Hi Praveen,

Those limitation were picked up and intented for 5.2 documentation but yet done 
offically, the limitation related to loss RTA is going to be fixed for 5.2 
since it has been seen some times in our cluster, so that's reason I set it as 
*defect*. 

The fix for this problem should be based on current implemetation of #1725.

I am thinking whether the same problem happens in normal cluster, if power off 
the active controller just before active amfd is going to update RTA. I think 
basically the loss of RTA update could be seen when the standby amfd takes over 
new active role in case of SC failover should be the same as the first amfd 
takes over active role in case of coming back from headless. 
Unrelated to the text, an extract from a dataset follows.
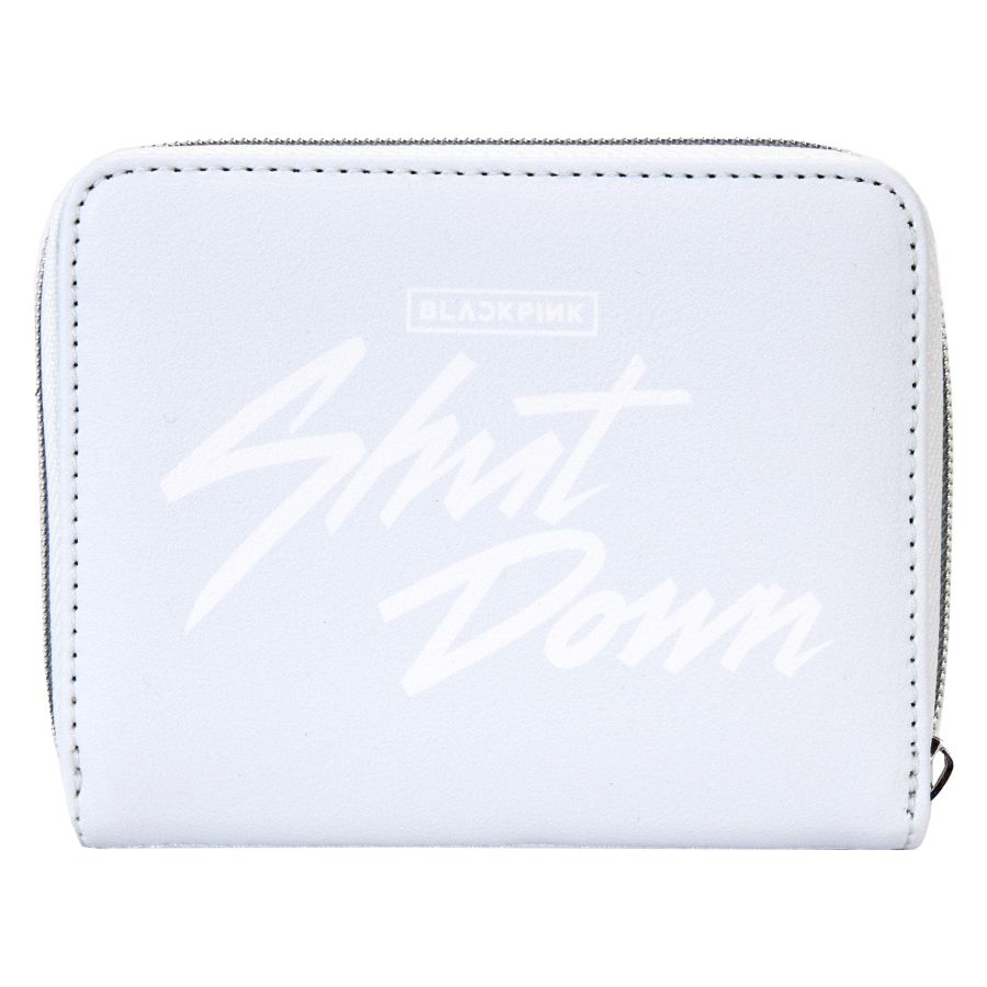 This wallet features Pop! JISOO, Pop! JENNIE, Pop! ROSÉ, and Pop! LISA as they strike poses in outfits from their hit song "Shut Down".

By hacking a bit in amfd code to wait a few seconds just before update RTA so 
that I have enough time to power off the active SC for SC failover test (as 
similar as stop/restart both SCs for headless test). I can see the same problem 
in both cases: SC failover in normal cluster and SC comes back from headless. 
Attached log is for case of SC failover.

The way that I am testing is not quite convincible, but it can happen in 
theory, I think. In another view, the SC absence period could be the extended 
time in which cluster has no active controller comparing to SC failover's, so 
some issues are rarely seen in normal cluster now could be easier seen in 
headless. (#2233 could be another example)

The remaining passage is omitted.